■ **WHAT YOU NEED TO DO**
Retype the lines from the one containing "- In the Client’s" through the last line of the entries below, exactly and in full, omitting every image.

Start of RECORDS FOR PROCESSING

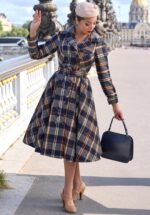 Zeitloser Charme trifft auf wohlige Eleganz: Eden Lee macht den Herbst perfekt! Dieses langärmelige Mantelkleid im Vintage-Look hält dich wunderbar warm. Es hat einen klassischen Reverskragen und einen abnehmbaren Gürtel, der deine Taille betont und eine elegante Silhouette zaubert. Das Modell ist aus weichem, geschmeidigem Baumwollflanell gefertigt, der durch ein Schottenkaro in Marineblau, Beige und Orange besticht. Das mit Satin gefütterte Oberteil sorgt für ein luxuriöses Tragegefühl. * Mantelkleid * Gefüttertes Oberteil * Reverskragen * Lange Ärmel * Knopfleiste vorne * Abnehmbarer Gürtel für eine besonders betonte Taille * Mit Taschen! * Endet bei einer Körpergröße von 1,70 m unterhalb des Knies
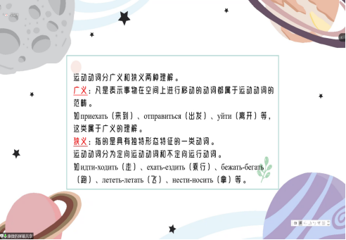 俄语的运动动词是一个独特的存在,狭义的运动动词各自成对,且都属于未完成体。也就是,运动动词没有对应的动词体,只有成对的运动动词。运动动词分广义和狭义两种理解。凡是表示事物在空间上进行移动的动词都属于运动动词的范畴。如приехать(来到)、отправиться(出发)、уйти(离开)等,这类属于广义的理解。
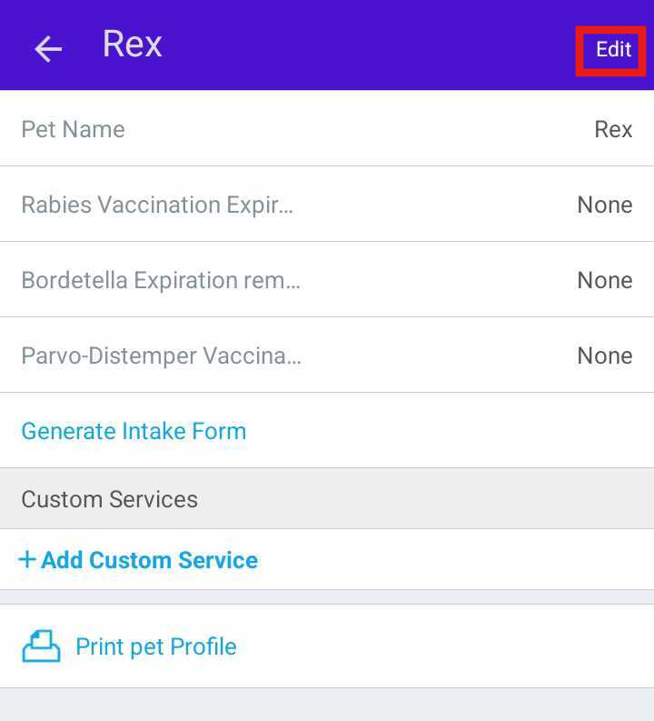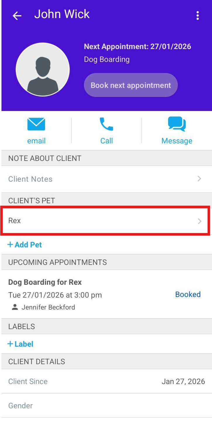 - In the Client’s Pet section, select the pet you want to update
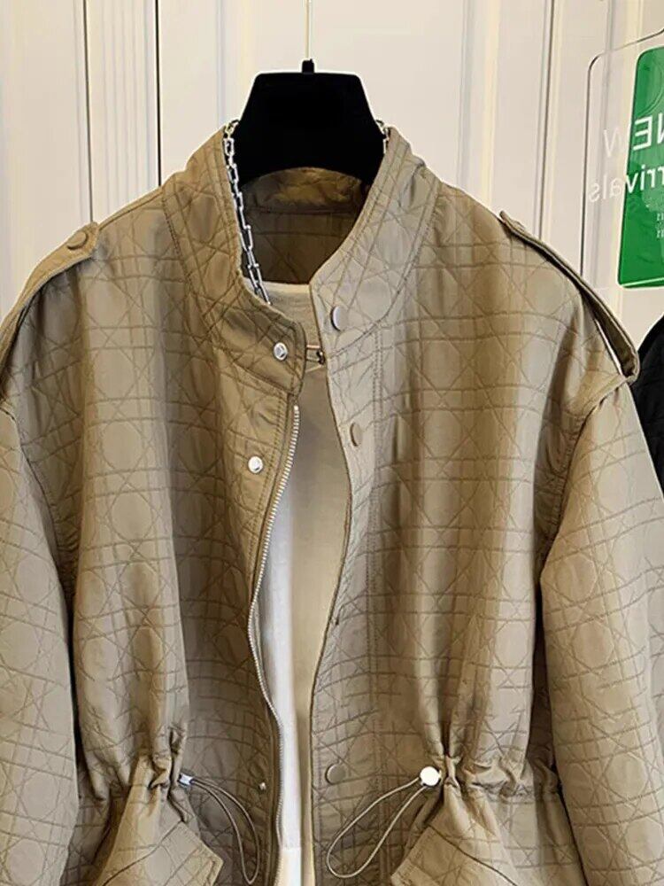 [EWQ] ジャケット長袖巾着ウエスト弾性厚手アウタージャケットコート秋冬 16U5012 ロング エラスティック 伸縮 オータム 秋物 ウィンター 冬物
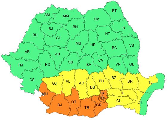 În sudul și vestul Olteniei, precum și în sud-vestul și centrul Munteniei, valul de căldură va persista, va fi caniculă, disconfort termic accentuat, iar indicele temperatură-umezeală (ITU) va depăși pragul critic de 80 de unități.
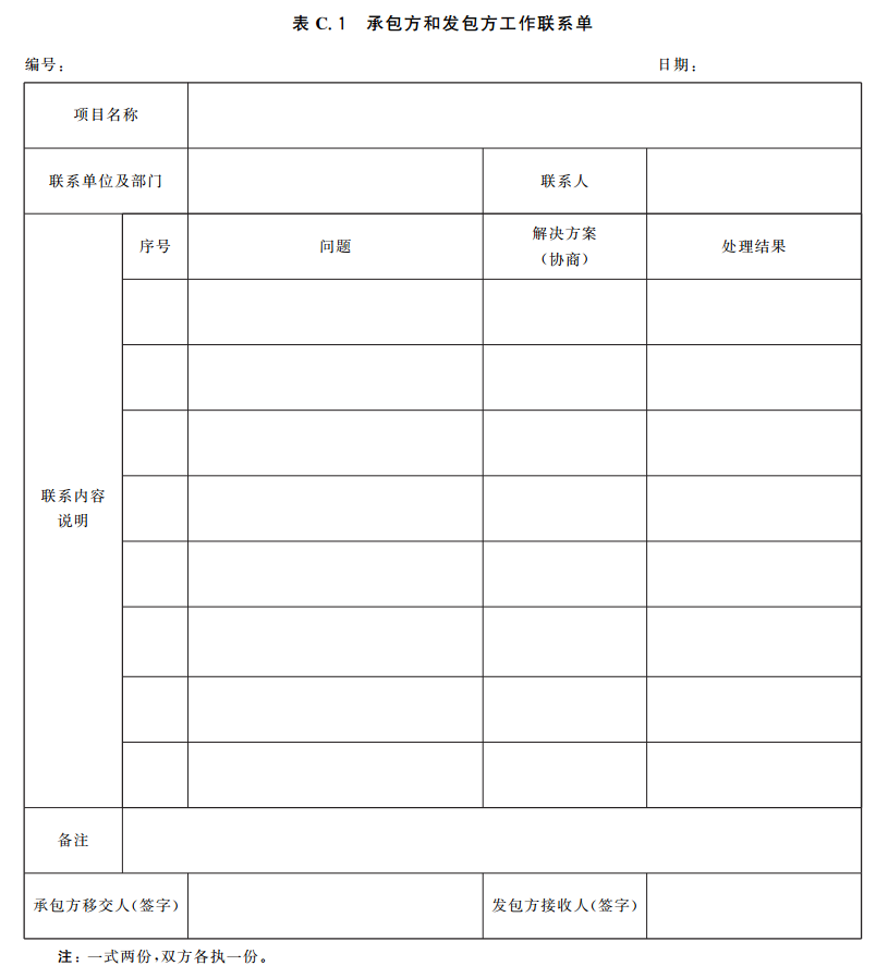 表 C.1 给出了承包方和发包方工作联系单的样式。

End of RECORDS FOR PROCESSING

■ **TASK RESULT**
 - In the Client’s Pet section, select the pet you want to update
 [EWQ] ジャケット長袖巾着ウエスト弾性厚手アウタージャケットコート秋冬 16U5012 ロング エラスティック 伸縮 オータム 秋物 ウィンター 冬物
 În sudul și vestul Olteniei, precum și în sud-vestul și centrul Munteniei, valul de căldură va persista, va fi caniculă, disconfort termic accentuat, iar indicele temperatură-umezeală (ITU) va depăși pragul critic de 80 de unități.
 表 C.1 给出了承包方和发包方工作联系单的样式。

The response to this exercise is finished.